OpenNLP NER Extraction Index Stage

Named Entity Recognition (NER) is the task of finding the names of persons, organizations, locations, and/or things in a passage of free text. The OpenNLP NER Extraction index stage (previously called the OpenNLP NER Extractor stage) uses a set of rules to find named entities in a field in the Pipeline Document (the "source") and populates a new fields (the "target") with these entities.

This stage uses Apache OpenNLP project’s Named Entity Recognition tool (the Name Finder tool). The OpenNLP documentation states

The Name Finder tool can detect named entities and numbers in text. To be able to detect entities the Name Finder needs a model. The model is dependent on the language and entity type it was trained for. The OpenNLP projects offers a number of pre-trained name finder models which are trained on various freely available corpora. They can be downloaded at our model download page.

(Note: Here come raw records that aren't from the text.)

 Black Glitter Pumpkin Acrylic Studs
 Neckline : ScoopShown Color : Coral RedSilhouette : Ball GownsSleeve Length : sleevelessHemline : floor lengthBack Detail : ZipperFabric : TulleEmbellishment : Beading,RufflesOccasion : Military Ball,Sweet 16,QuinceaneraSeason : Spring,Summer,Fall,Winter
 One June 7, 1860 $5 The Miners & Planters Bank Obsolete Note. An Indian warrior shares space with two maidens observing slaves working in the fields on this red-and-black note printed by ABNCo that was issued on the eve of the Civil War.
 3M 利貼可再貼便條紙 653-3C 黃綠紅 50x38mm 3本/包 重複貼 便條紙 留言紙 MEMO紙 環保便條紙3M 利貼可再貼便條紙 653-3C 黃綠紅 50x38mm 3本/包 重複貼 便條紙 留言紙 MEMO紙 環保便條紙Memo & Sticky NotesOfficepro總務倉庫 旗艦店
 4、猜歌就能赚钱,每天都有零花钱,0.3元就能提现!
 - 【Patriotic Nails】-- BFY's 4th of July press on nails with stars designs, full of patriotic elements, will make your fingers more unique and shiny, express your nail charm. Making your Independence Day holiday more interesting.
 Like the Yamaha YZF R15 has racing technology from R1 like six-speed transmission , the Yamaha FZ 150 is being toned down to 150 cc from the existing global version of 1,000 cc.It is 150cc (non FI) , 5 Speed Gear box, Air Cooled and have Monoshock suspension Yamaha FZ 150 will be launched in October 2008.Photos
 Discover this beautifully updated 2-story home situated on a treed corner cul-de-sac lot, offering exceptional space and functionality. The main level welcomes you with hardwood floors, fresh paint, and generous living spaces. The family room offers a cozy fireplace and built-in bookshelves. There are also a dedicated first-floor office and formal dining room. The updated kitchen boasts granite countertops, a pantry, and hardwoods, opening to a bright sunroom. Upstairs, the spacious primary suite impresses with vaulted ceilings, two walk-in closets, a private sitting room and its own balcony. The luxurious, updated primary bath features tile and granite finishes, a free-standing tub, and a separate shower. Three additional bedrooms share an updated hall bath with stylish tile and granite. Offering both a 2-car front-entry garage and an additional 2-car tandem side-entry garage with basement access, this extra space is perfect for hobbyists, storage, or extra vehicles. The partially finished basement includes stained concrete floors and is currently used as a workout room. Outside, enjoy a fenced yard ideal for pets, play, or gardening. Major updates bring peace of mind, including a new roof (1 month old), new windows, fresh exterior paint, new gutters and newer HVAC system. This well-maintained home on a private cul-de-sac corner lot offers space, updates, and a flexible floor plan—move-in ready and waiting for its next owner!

To find names in raw text the text must be segmented into tokens and sentences.

See this video tutorial for a demonstration of how to configure this stage:

Models are available from the OpenNLP models SourceForge repository.

The Fusion directory fusion/3.0.x/data/nlp contains a set of NER models for English, as well as sentence, token, and part-of-speech models.

Before they can be used, model files must be uploaded to Fusion using the Fusion Blob Store service via the REST API. Here is an example of how to upload the sentence model file from the fusion/3.0.x using the curl command-line utility, where admin is the name of a user with admin privileges, and pass is the password:

curl -u admin:pass -X PUT --data-binary @data/nlp/models/en-sent.bin -H 'Content-type: application/octet-stream' http://localhost:8764/api/apollo/blobs/en-sent.bin

Example Specification

Specification of a stage which extracts names of people and places from field named 'body':

{
    "type" : "nlp-extraction",
    "id" : "nd",
    "rules" : [ {
      "source" : [ "body_s" ],
      "target" : "content",
      "sentenceModel" : "en-sent.bin",
      "tokenizerModel" : "en-token-1.bin",
      "entityTypes" : [ {
        "name" : "organization",
        "definition" : "en-ner-organization-1.bin"
      }, {
        "name" : "person",
        "definition" : "en-ner-person-1.bin"
      } ]
    } ],
    "skip" : false
  } ]
}

Configuration

Tip
When entering configuration values in the UI, use unescaped characters, such as \t for the tab character. When entering configuration values in the API, use escaped characters, such as \\t for the tab character.